Beyond the trenches and artillery fire, Ukraine is waging a desperate battle on a vastly different front: its national ledger. Four years after Russia’s full-scale invasion, Kyiv’s fight for economic stability is just as critical as its military defense, intertwining the country's survival with its long-term aspirations to join the European Union.
According to Ukrainian Finance Minister Sergii Marchenko, the nation ultimately intends to be an asset to Europe, rather than a financial burden. "We want to provide for Europe, something which they lack," Marchenko noted, pointing to the battle-hardened military expertise his country has acquired since the conflict escalated in February 2022.
To keep the government functioning, Kyiv relies heavily on international goodwill. A massive $136.5 billion global aid package remains the country's life support. Within this, the European Parliament recently approved a sweeping €90 billion ($105 billion) loan designed to plug Ukraine’s budget deficits over the next two years, with initial disbursements anticipated in April.
This European lifeline has become indispensable following a severe drop-off in financial backing from the United States. Furthermore, the International Monetary Fund (IMF) recently greenlit an $8.1 billion loan, delivering an initial $1.5 billion earlier this month. However, this IMF backing comes with stringent strings attached. Gavin Grey, the IMF’s mission chief for Ukraine, has urged Kyiv to live within its means by aggressively combatting tax evasion and mobilizing domestic revenue.
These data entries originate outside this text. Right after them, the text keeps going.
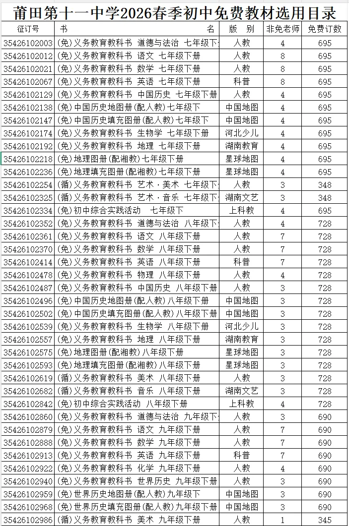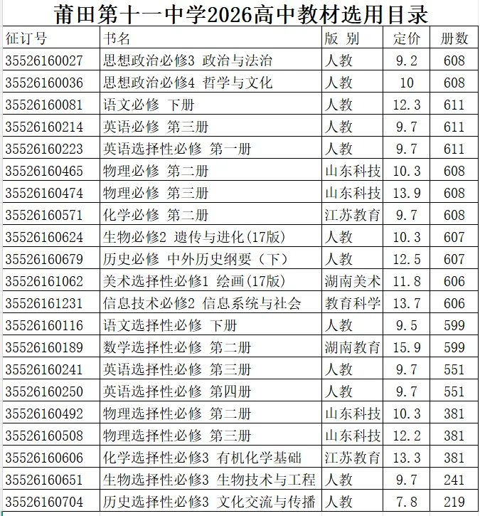为进一步规范教学用书管理,我校严格依据莆田市教育局公布的《莆田市2026年春季学期高中教材选用目录》选用教材。现将2026年春季我校各年级、各学科的教材目录、版本等信息公示如下:
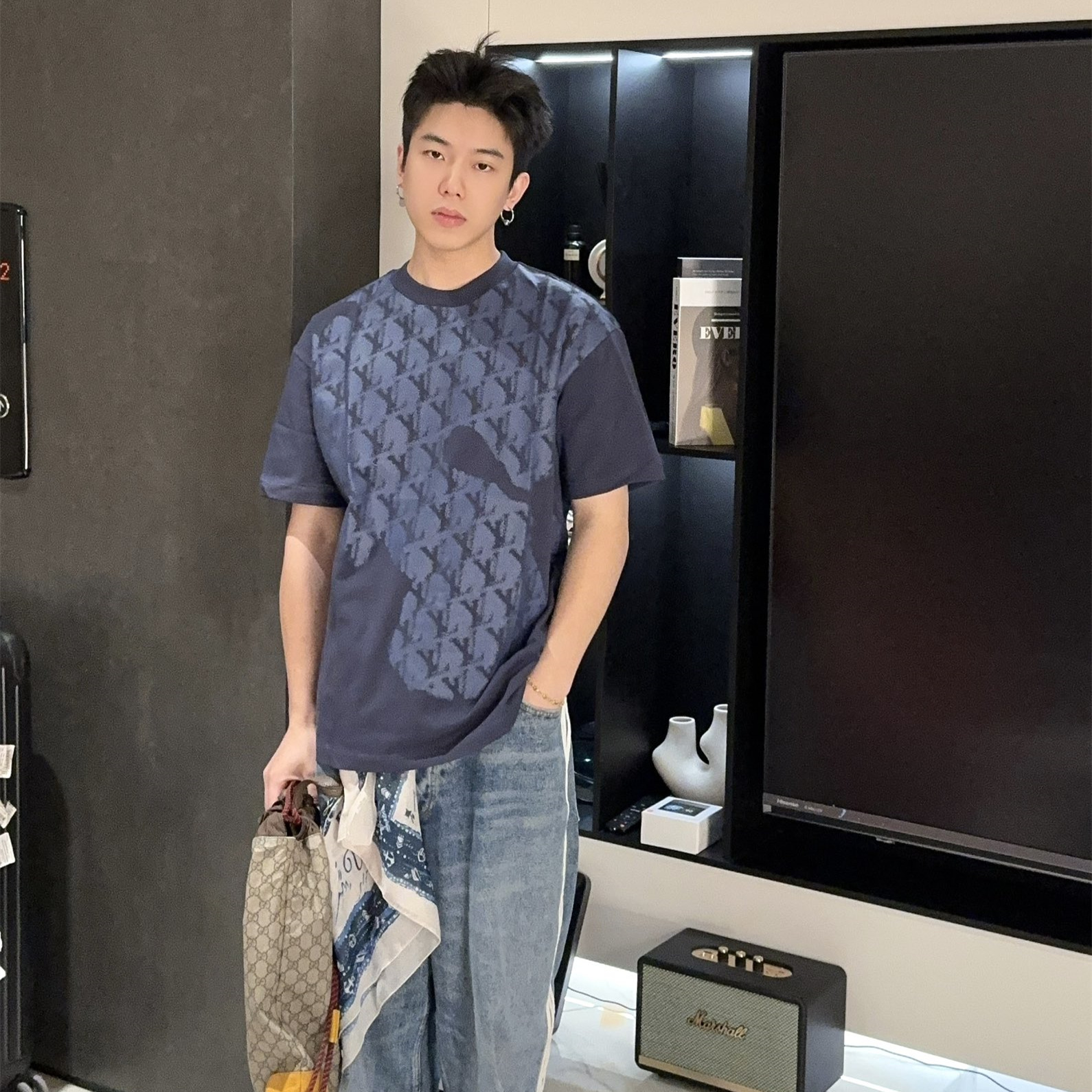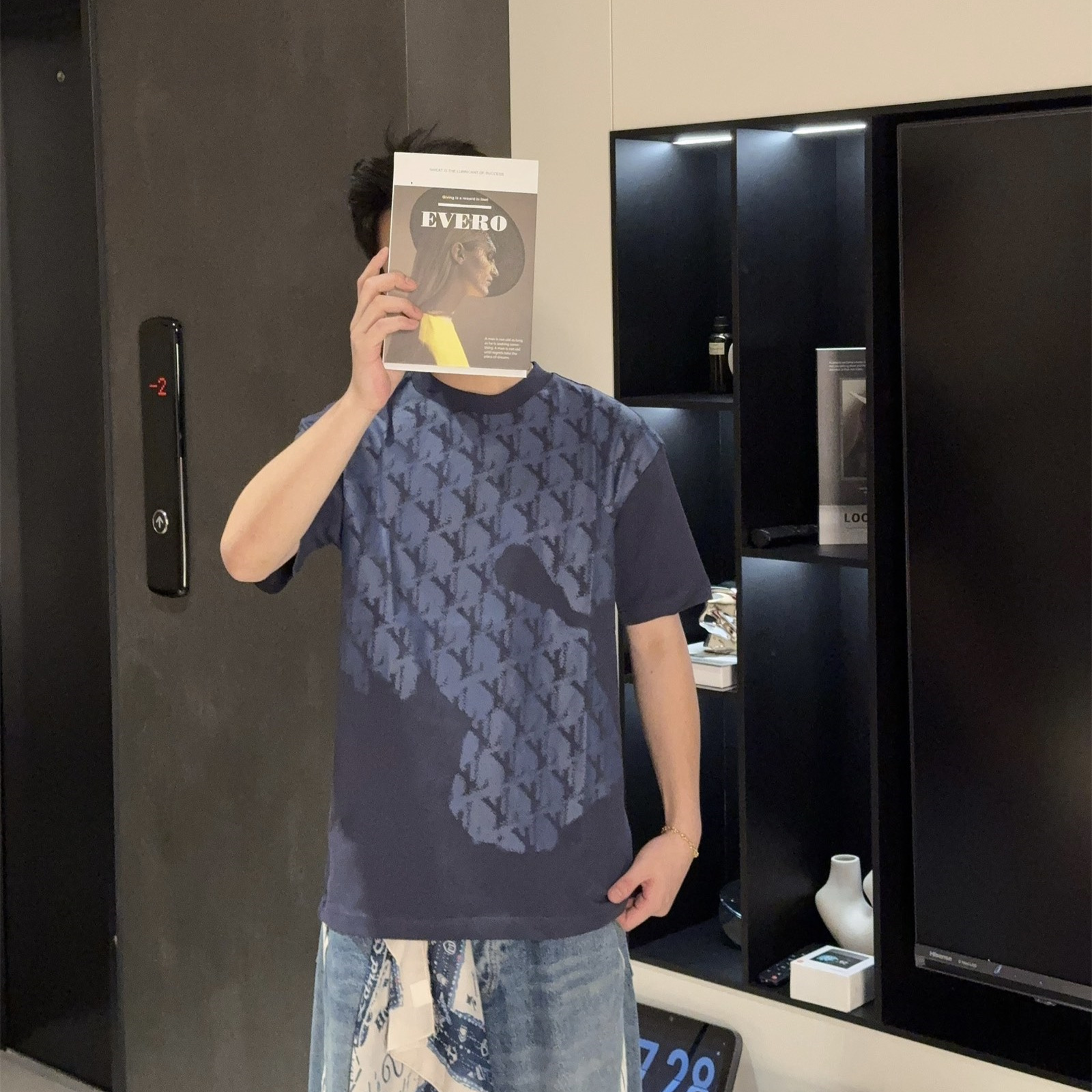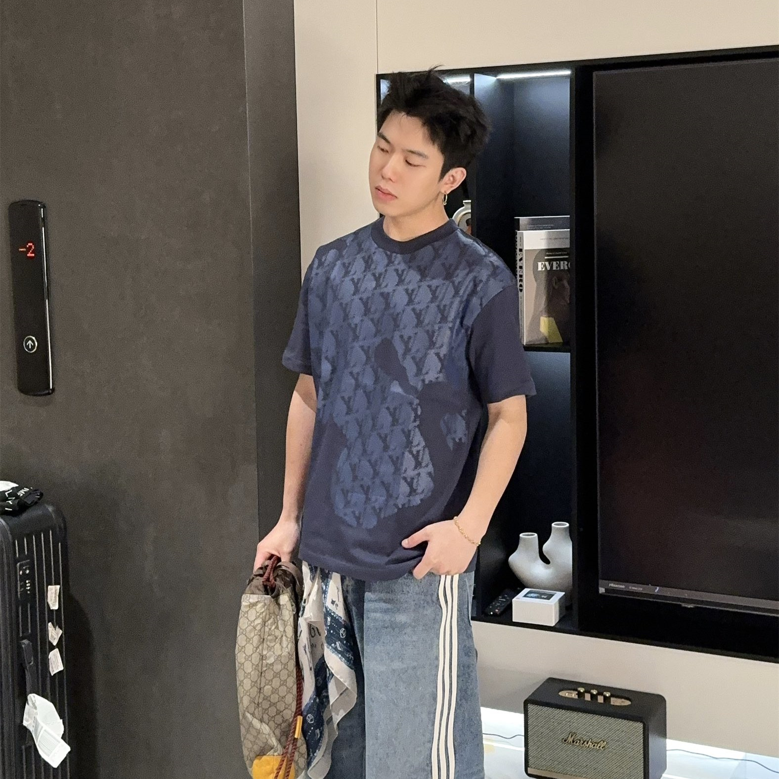 高仿LV*1AFR0030滿印塗層LOGOT恤藏藍
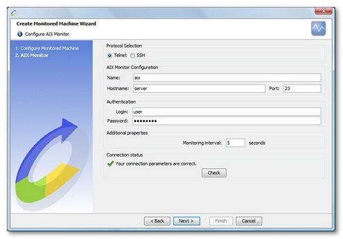 Defining an AIX connection to a server requires the name or IP address of the machine to be monitored, as well as the connection port. The standard access ports are port 23 for the Telnet protocol and port 22 for the SSH protocol.
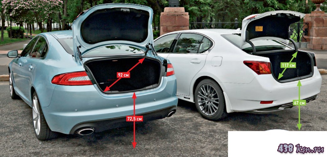 Конечно, представить себе владельца одного из наших дуэлянтов несущим коробки из «Икеи» довольно сложно, но не проверить удобство грузоперевозок мы тоже не имеем права. Электроприводом крышки багажника базовые версии похвастать не могут, но, в отличие от «Лексуса», «Ягуар» позволяет оснастить такой приятной «фичей» любую комплектацию. Заказать можно и складывающиеся задние сиденья: доплати «всего» 19 800 рублей - и спинки будут падать вперед по первому требованию. Только что толку? Проем багажника все равно останется узким, пол - неровным, а объем - на 30 литров меньше, чем у «Лексуса».
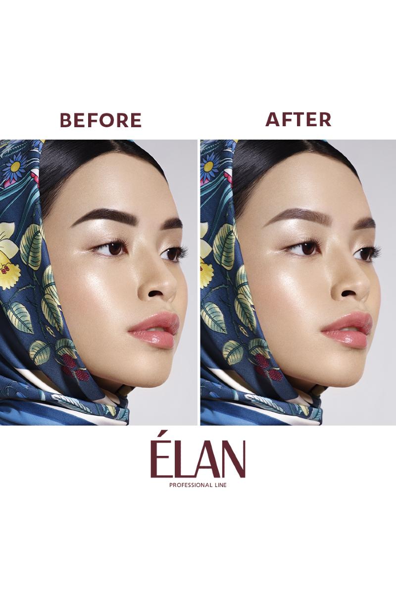 Fargekorreksjon. For å fjerne det akkumulerte syntetiske fargestoffet kun fra øyenbrynshårene og bevare fargen på huden, påfør Argan Oil Skin Protector fra ÉLAN på huden rundt øyenbrynene. Bruk den profesjonelle sminkebørsten BLACKWOOD #1 fra ELAN.
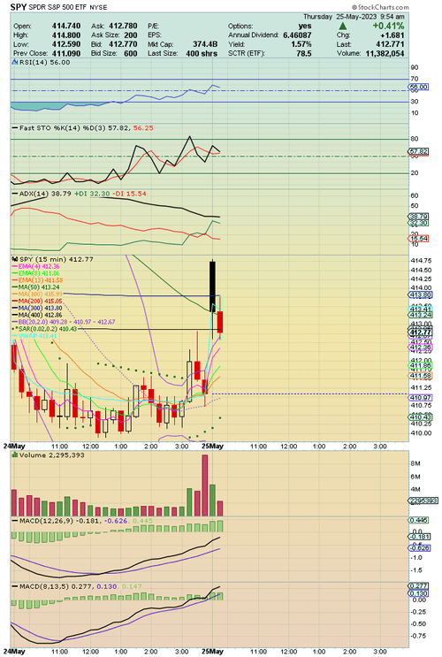 Now hitting the 400 SMA @ 412.86 >> this is a major support level >> After filling the Gap between yesterday and today the 400 SMA needs to hold >>
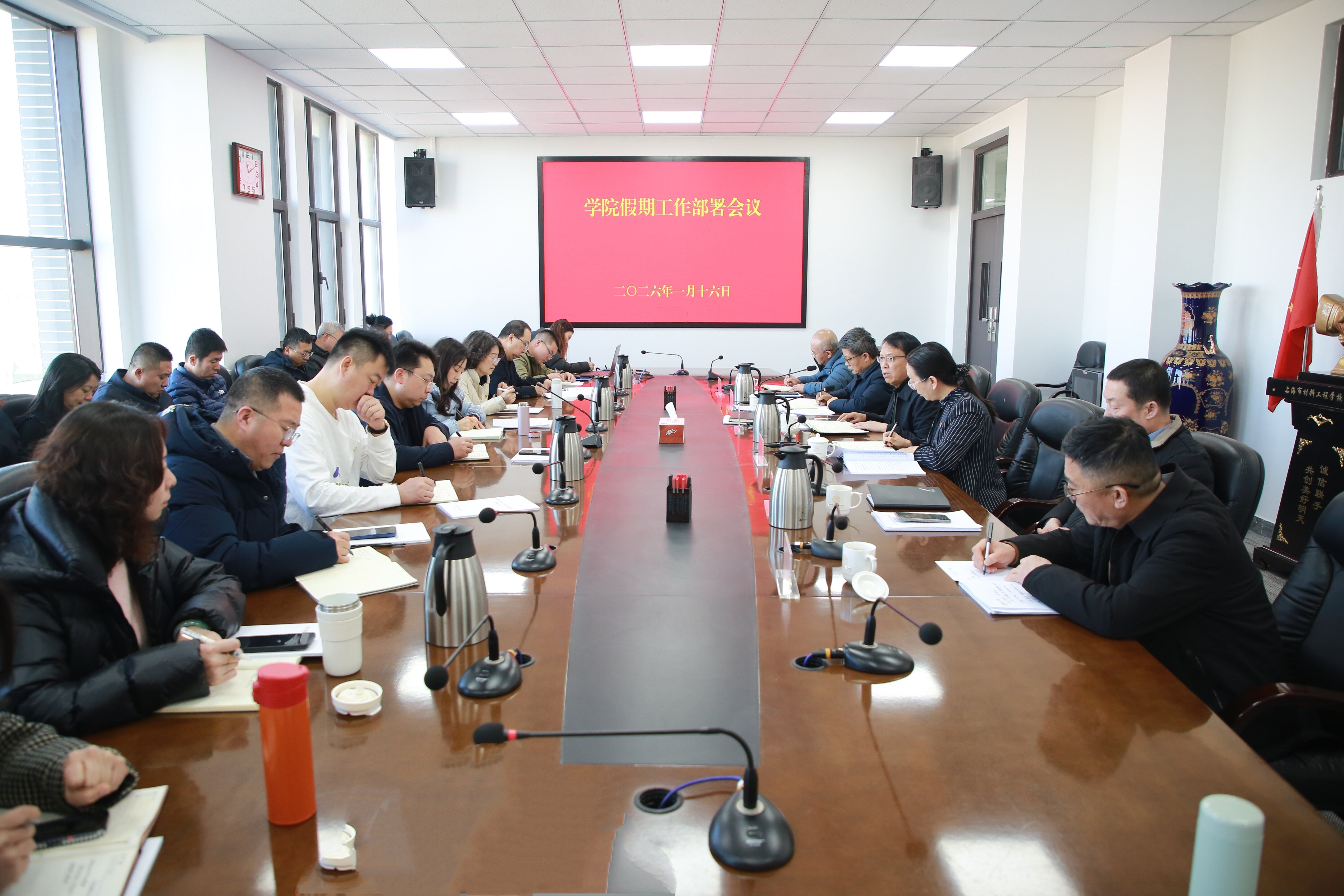 为深入贯彻落实党的二十届四中全会精神和习近平总书记关于安全生产的重要论述,1月16日,学院在综改区校区召开假期工作部署会议。党委书记赵随民,党委副书记、院长王建梅,党委委员、副院长赤新生出席会议。会议由党委副书记尤陶江主持,学院相关部门负责同志参加会议。

Domestically, the financial strain is immense. Ukraine's 2026 budget projects $112 billion in spending—with a staggering 60% allocated to the armed forces. This leaves a massive $45 billion shortfall. While domestic revenues are projected to jump by 15% this year to $67.5 billion, this growth is largely fueled by significant tax hikes implemented in late 2024 that hit personal incomes, small businesses, and banks. To close the remaining gap, lawmakers are currently attempting to push through highly debated new tax measures, including reducing VAT exemptions and imposing higher levies on digital platforms.
This strategy is not without its domestic critics. The Ukrainian Institute of the Future recently issued a stark warning, arguing that the combination of prolonged warfare and aggressive taxation is pushing the nation dangerously close to a total economic collapse and default.
External political dynamics are also threatening Ukraine's fragile financial footing. Hungarian Prime Minister Viktor Orban has temporarily stalled the crucial EU loan, accusing Kyiv of orchestrating an "oil blockade." Ukraine maintains that delays in repairing the Russian oil pipeline to Hungary are solely due to ongoing Russian strikes injuring repair crews. Consequently, the fate of Ukraine’s funding may hinge heavily on the results of Hungary’s upcoming elections.
The economic disparity between the warring nations remains stark. While Russia dedicates approximately 5.1% of its GDP to its military, Ukraine is forced to pour 27% of its economic output into national defense. This immense military expenditure means everyday social services—from healthcare and pensions to an expanded free school meal program and vital teacher pay raises—are entirely dependent on foreign aid.
For ordinary Ukrainians, this macroeconomic struggle translates into daily hardship. Although inflation has cooled dramatically from a wartime high of 26.6% to 7.4%, the cost of living remains a crushing burden. Tetiana, a 65-year-old pensioner in Kyiv, lamented that soaring food and utility prices have forced her back into the workforce.
Meanwhile, small businesses are barely keeping the lights on. Mykyta, a 19-year-old restaurant worker, highlighted the dual challenges of severe staff shortages and relentless power grid failures. "During power outages, the kitchen doesn't work, we have to struggle with the generator," he explained—a reality faced by countless enterprises trying to survive in an economy defined by war.